From this time, what is worth relating of my life will come into a very small compass; for I have no further mental changes to tell of, but only, as I hope, a continued mental progress; which does not admit of a consecutive history, and the results of which, if real, will be best found in my writings. I shall, therefore, greatly abridge the chronicle of my subsequent years.

The first use I made of the leisure which I gained by disconnecting myself from the Review, was to finish the Logic. In July and August, 1838, I had found an interval in which to execute what was still undone of the original draft of the Third Book. In working out the logical theory of those laws of nature which are not laws of Causation, nor corollaries from such laws, I was led to recognize kinds as realities in nature, and not mere distinctions for convenience; a light which I had not obtained when the First Book was written, and which made it necessary for me to modify and enlarge several chapters of that Book. The Book on Language and Classification, and the chapter on the Classification of Fallacies, were drafted in the autumn of the same year; the remainder of the work, in the summer and autumn of 1840. From April following to the end of 1841, my spare time was devoted to a complete rewriting of the book from its commencement. It is in this way that all my books have been composed. They were always written at least twice over; a first draft of the entire work was completed to the very end of the subject, then the whole begun again de novo; but incorporating, in the second writing, all sentences and parts of sentences of the old draft, which appeared as suitable to my purpose as anything which I could write in lieu of them. I have found great advantages in this system of double redaction. It combines, better than any other mode of composition, the freshness and vigour of the first conception, with the superior precision and completeness resulting from prolonged thought. In my own case, moreover, I have found that the patience necessary for a careful elaboration of the details of composition and expression, costs much less effort after the entire subject has been once gone through, and the substance of all that I find to say has in some manner, however imperfect, been got upon paper. The only thing which I am careful, in the first draft, to make as perfect as I am able, is the arrangement. If that is bad, the whole thread on which the ideas string themselves becomes twisted; thoughts placed in a wrong connection are not expounded in a manner that suits the right, and a first draft with this original vice is next to useless as a foundation for the final treatment.

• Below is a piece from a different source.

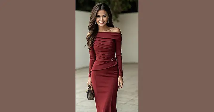 Seriously, this shows that simple doesn’t mean boring! Who needs a mountain of frills when you’ve got a dress that’s elegantly tailored and fits like a dream? This maroon masterpiece shows off how a sleek, form-fitting design can be the most stylish choice. Think less fuss, more fabulousness. And let’s be honest, that gorgeous smile adds the perfect finishing touch. Sometimes, less is definitely more, especially when “more” means radiant confidence.

During the re-writing of the Logic, Dr. Whewell's Philosophy of the Inductive Sciences made its appearance; a circumstance fortunate for me, as it gave me what I greatly desired, a full treatment of the subject by an antagonist, and enabled me to present my ideas with greater clearness and emphasis as well as fuller and more varied development, in defending them against definite objections, or confronting them distinctly with an opposite theory. The controversies with Dr. Whewell, as well as much matter derived from Comte, were first introduced into the book in the course of the re-writing.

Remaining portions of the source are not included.